In other words once you move beyond '1 sql database' they become important.

(I'm not downvoting you, just disagreeing with you.)

deathanatos · on June 12, 2024

I've used auto-incrementing integers across multiple systems.

There was one system responsible for allocating the integers (what should have been a relational database that held our user accounts & their metadata); once that write was committed¹’² then other systems (e.g., one that kept bulk/frequent per-user metrics (lots of data), but which could shard it better) used it.

I think I'd opt for UUIDs today (the size difference is minimal, and they distribute more naturally if you shard on them), but integers are doable in this manner too.

¹which … this is its own battle. It turned out later our database was less than good here. ("So call me, maybe.")

²you need a lock here. That could matter. But "user creation" is not a frequent enough event for lock contention to matter. We only did this for user IDs.

djbusby · on June 12, 2024

This is why I asked at the start of the thread. We *need* 128bit numbers to make the uniqueness work across loads of systems (like a distributed/federated type thing)

hot_gril · on June 13, 2024

Maybe, but they don't need to be the PKs. And you only need some 128bit number at all if you want one generator not to be able to guess the others' numbers, like if clients are generating them.

bruce511 · on June 13, 2024

Are you mixing up primary key with clustered key?

Primary Key serves to uniquely identify the row. This is used to reference the tow in other tables. (So the Invoice table contains the Primary Key value for the customer.)

The Clustered key describes the physical sort order on the disk. Clustering on your most common search improves performance for that search. Searching on other criteria becomes equally slow.

So, it's really common to search through invoices by date. So a date key is ideal for a clustered index on that table. Looking up all invoices for a date range is faster than all invoices by, say, customer.

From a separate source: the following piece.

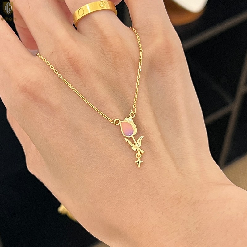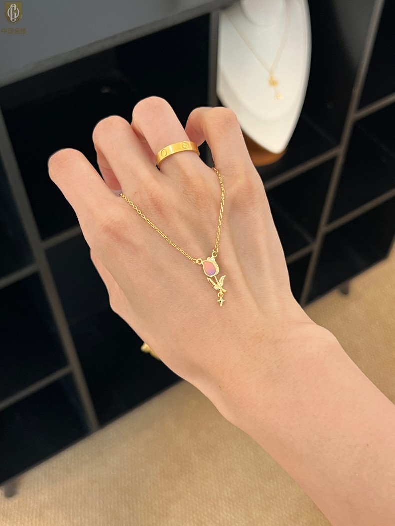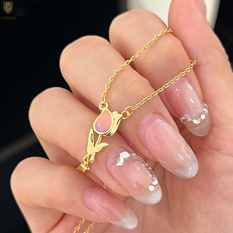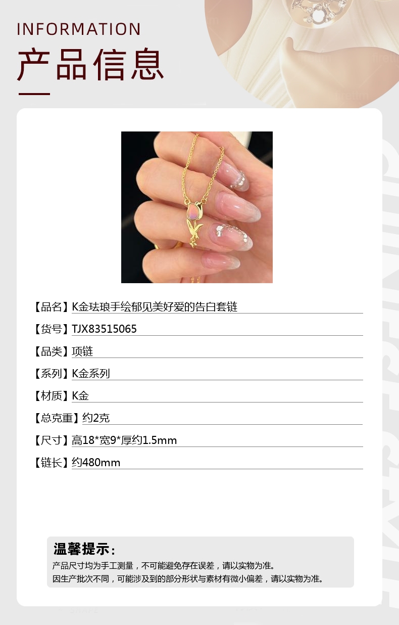 【品名】中国金楼K金珐琅手绘郁见美好爱的告白套链

Clustering the customer or employee table by date though isn't great, I don't want to often see my employees on take-on order.

We teach Primary Keys at Uni, but in my era anyway they didn't put the same emphasis on selecting a correct clustered key. So I feel like people tend to assume the Primary Key is also the clustered key.

hot_gril · on June 13, 2024

I'm used to Postgres, which doesn't have clustered key. If this is MySQL and you're using a clustered key, pkey is still how you'd identify rows in foreign keys etc, so I think the same advice of bigserial pkey applies.

We learned using natural pkeys in college, which in practice burned me enough that I'll never do it anymore. I just set some uniqueness constraints.

hot_gril · on June 13, 2024

Even in these situations, you probably want bigserial PKs on the shards. I think Citus does this by starting each shard's sequence at a different value.